Task goal: Reproduce, exactly and in full, only the lines below from the one containing "就可以把饭倒下去了,压扁、炒散" through the one containing "两天后,团队转赴福建嘉成集团".

Source information:

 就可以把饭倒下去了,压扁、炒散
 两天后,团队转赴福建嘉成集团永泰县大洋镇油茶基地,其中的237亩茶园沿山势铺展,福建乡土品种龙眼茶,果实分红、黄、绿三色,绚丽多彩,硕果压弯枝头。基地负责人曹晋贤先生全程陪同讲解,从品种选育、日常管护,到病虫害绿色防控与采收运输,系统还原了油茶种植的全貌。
---
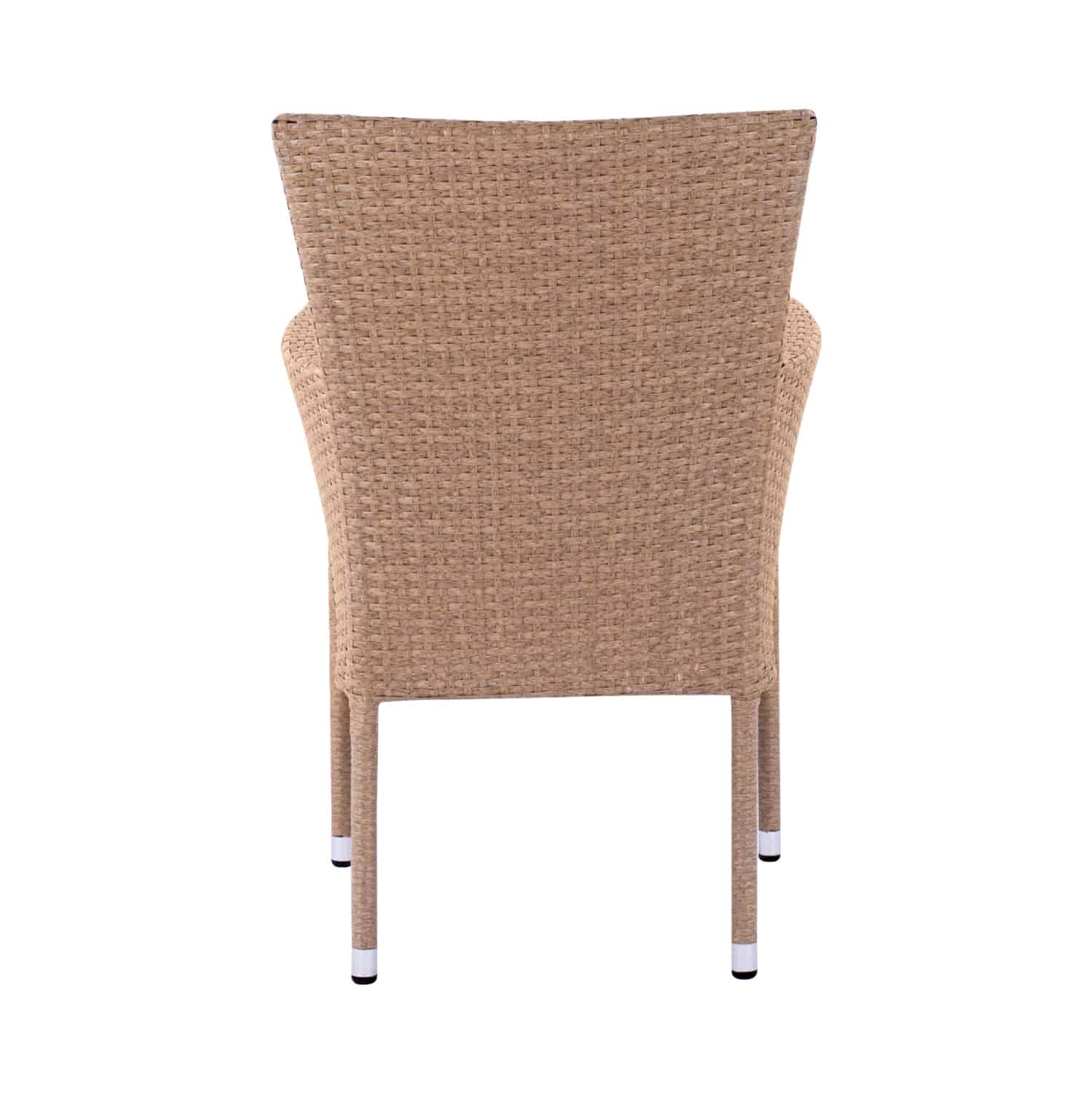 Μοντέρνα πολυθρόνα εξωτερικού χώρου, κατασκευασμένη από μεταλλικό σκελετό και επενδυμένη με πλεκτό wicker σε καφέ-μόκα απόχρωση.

Output for this exercise:
 就可以把饭倒下去了,压扁、炒散
 两天后,团队转赴福建嘉成集团永泰县大洋镇油茶基地,其中的237亩茶园沿山势铺展,福建乡土品种龙眼茶,果实分红、黄、绿三色,绚丽多彩,硕果压弯枝头。基地负责人曹晋贤先生全程陪同讲解,从品种选育、日常管护,到病虫害绿色防控与采收运输,系统还原了油茶种植的全貌。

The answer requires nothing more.